If the Securities Resolution or
supplemental indenture so provides, the Company may issue some or
all of the Securities of a series in temporary or permanent global
form. A global Security may be in registered form, in bearer
form with or without coupons or in uncertificated form. A
global Security shall represent that amount of Securities of a
series as specified in the global Security or as endorsed thereon
from time to time. At the Company’s request, the
Registrar shall endorse a global Security to reflect the amount of
any increase or decrease in the Securities represented
thereby.
The Company may issue a global
Security only to a depository designated by the Company. A
depository may transfer a global Security only as a whole to its
nominee or to a successor depository.
The Securities Resolution or
supplemental indenture may establish, among other things, the
manner of paying principal and interest on a global Security and
whether and upon what terms a beneficial owner of an interest in a
global Security may exchange such interest for definitive
Securities.
The Company, an Affiliate, the
Trustee and any Agent shall not be responsible for any acts or
omissions of a depository, for any depository records of beneficial
ownership interests or for any transactions between the depository
and beneficial owners.
SECTION 2.12
Temporary
Securities.
Until definitive Securities of a
series are ready for delivery, the Company may use temporary
Securities. Temporary Securities shall be substantially in the form
of definitive Securities but may have variations that the Company
considers appropriate for temporary Securities. Temporary
Securities may be in global form. Without unreasonable delay,
the Company shall deliver definitive Securities in exchange for
temporary Securities. Until so exchanged, the temporary
Securities are entitled to the same benefits under this Indenture
as definitive Securities.
SECTION 2.13
Cancellation.
The Company at any time may deliver
Securities to the Registrar for cancellation. The Transfer
Agent and the Paying Agent shall forward to the Registrar any
Securities surrendered to them for payment, exchange or
registration of transfer. The Registrar shall cancel all
Securities surrendered for payment, registration of transfer,
exchange or cancellation which have been received by it. The
Registrar shall destroy cancelled Securities unless the Company
otherwise directs.
Unless the Securities Resolution or
supplemental indenture otherwise provides, the Company may not
issue new Securities to replace Securities that the Company has
paid or that the Company has delivered to the Registrar for
cancellation.
SECTION 2.14
Defaulted
Interest.
If the Company defaults in a payment
of interest on Securities, it need not pay the defaulted interest
to Holders on the regular record date. The Company may fix a
special record date for determining Holders entitled to receive
defaulted interest or the Company may pay defaulted interest in any
other lawful manner.
ARTICLE 3 - REDEMPTION
SECTION 3.01
Notices to
Trustee.
Securities of a series that are
redeemable before maturity shall be redeemable in accordance with
their terms and, unless the Securities Resolution or supplemental
indenture otherwise provides, in accordance with this
Article.
In the case of a redemption by the
Company, the Company shall notify the Trustee and the Transfer
Agent of the redemption date and the principal amount of Securities
to be redeemed. The Company shall notify the Trustee and
Transfer Agent at least 45 days before the redemption date unless a
shorter notice is satisfactory to the Trustee.
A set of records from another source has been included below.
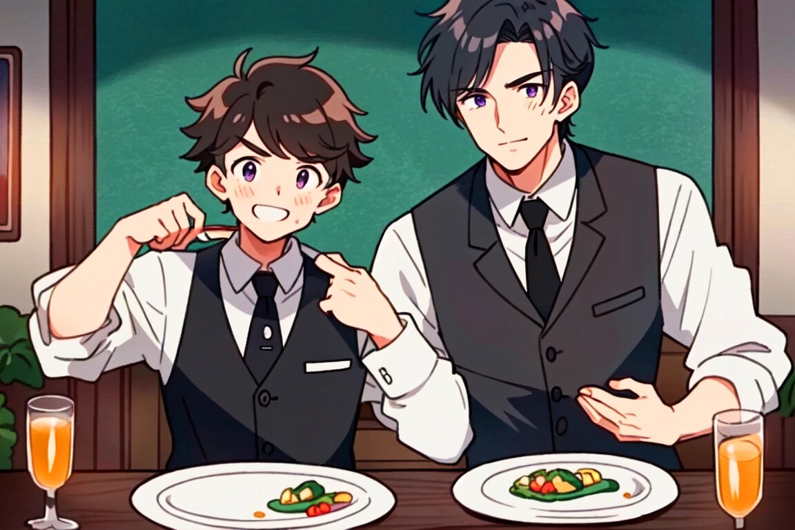 皿お題、今回は黒髪短髪男性どうしょうかな?と悩みましたが、やっぱり黒髪短髪男性で見たかったので、黒髪短髪男性でも生成してみました!!期待通り、執事&ウェイターな黒髪短髪男性が見れて良かったです!!皿は白多めになりました。
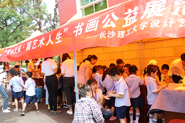 书画展结束后,志愿者们将现场所绘制的作品进行义卖,通过湖南人人公益发展中心、长沙市雨花区群英公益发展促进中心,将义卖后的资金全部捐给湘西的希望小学,这不仅为延续与发扬中国优秀传统文化贡献一份力量,也为支助贫困学子献出一份爱心。
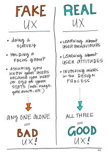 So back to this business of bad (fake!) and good (real!) UX. As this handy illustration notes, bad UX is pretty easy to do — just put up a survey asking your users what they think! Or get a bunch of users around a table, focus-group-style, and ask them their opinions! Or limit your insights into your users to simply monitoring statistics (whatever those stats may be)!

If the Company is required to redeem
Securities, it may reduce the principal amount of Securities
required to be redeemed to the extent it is permitted a credit by
the terms of the Securities and it notifies the Trustee of the
amount of the credit and the basis for it. If the reduction
is based on a credit for acquired or redeemed Securities that the
Company has not previously delivered to the Registrar for
cancellation, the Company shall deliver the Securities at the same
time as the notice.
SECTION 3.02
Selection of Securities to Be
Redeemed.
If less than all the Securities of a
series are to be redeemed, the Trustee shall select the Securities
to be redeemed by a method the Trustee considers fair and
appropriate, which shall reflect any method required by applicable
law or stock exchange regulations. The Trustee shall make the
selection from the outstanding Securities of the series not
previously called for redemption. The Trustee may select for
redemption portions of the principal of Securities having
denominations larger than the minimum denomination for the series.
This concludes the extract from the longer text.